West Indies finished on 150 for 8 and the spectators' wait to see the local legend bat was finally over. That familiar walk down the staircase from the dressing room while putting on his gloves, the glance towards the sky as soon as he stepped on the field, the shadow straight drives on his way to the pitch, and the phones were out from the stands to capture this all, like it used to happen all those years ago.
Cricket may have transformed in a variety of ways since his retirement but nothing has changed about Tendulkar. He was still gesticulating vigorously, irked by someone near the sight screen even when he was not on strike. He was still adjusting his crotch awkwardly just before settling into his compact and perfect-looking stance, that lean on the bat in his right hand at the non-striker's end with his right leg crossing over his left, and he was still pinching singles with his loud and childish shrieks, making Virender Sehwag burn a few more calories than he wanted to.
"Initially he said we won't take risky singles but he then tapped the ball around for quick singles; that's Sachin for you," Sehwag said after the game. "He played some magnificent attacking shots, it doesn't feel like he hasn't been playing for so many years."

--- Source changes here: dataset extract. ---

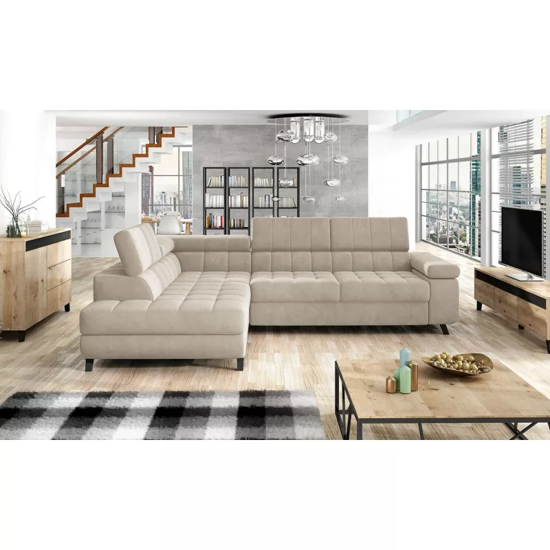 Rohová rozkládací sedačka s úložným prostorem OKLAHOMA - béžová, levý roh
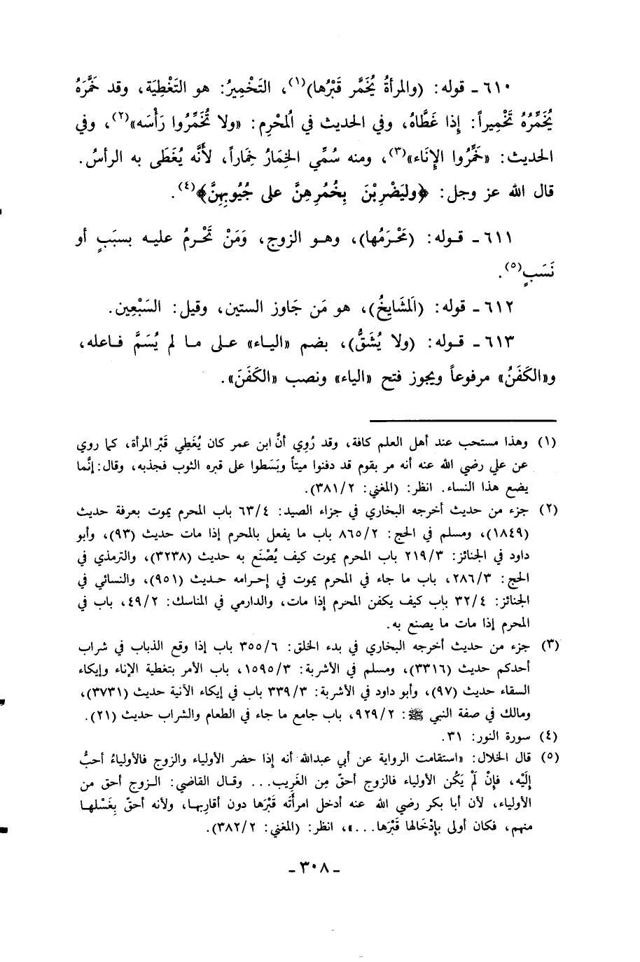 610 - قوله: (والمرأةُ يُخَمَّر قَبْرُها) (¬1)، التَخْمِيرُ: هو التَغْطِيَة، وقد خَمَّرَهُ يُخَمَّرُهُ تَخْمِيراً: إذا غَطَّاهُ، وفي الحديث في الُمحْرِم: "ولا تُخَمِّرُوا رَأْسَه" (¬2)، وفي الحديث: "خَمِّرُوا الإِنَاء" (¬3)، ومنه سُمِّي الخِمَارُ خِمَاراً، لأَنَّه يُغَطَى به الرأسُ. قال الله عز وجل: {وَلْيَضْرِبْنَ بِخُمُرِهِنَّ عَلَى جُيُوبِهِنَّ} (¬4).

The way Tendulkar timed his shots bore testimony to Sehwag's words. Even as Tino Best, one of the fittest players across the five squads this series, steamed in and beat Sehwag with pace, Tendulkar nudged around his deliveries closing in on 140kmh nonchalantly. Against a much slower Pedro Collins, Tendulkar danced down to attack, and against Sulieman Benn's spin he took out his late cut and delicately placed the ball between point and cover-point.
He gave the crowd a scare too, edging one to Carl Hooper at slip, who couldn't hold on to the catch and neither could Ridley Jacobs despite being within touching distance for the relay attempt. Deafening silence spread in the stands when the ball was in Hooper's hands and a screaming cheer followed immediately when the ball touched the ground.
Unsurprisingly, the loudest cheers from the 26,006 people were echoed for Tendulkar and they will remain in the stands for remaining matches. Don't be surprised if you hear the familiar "Sachin! Sachin!" chants even when India Legends have an off day in the Road Safety World Series over the next two weeks.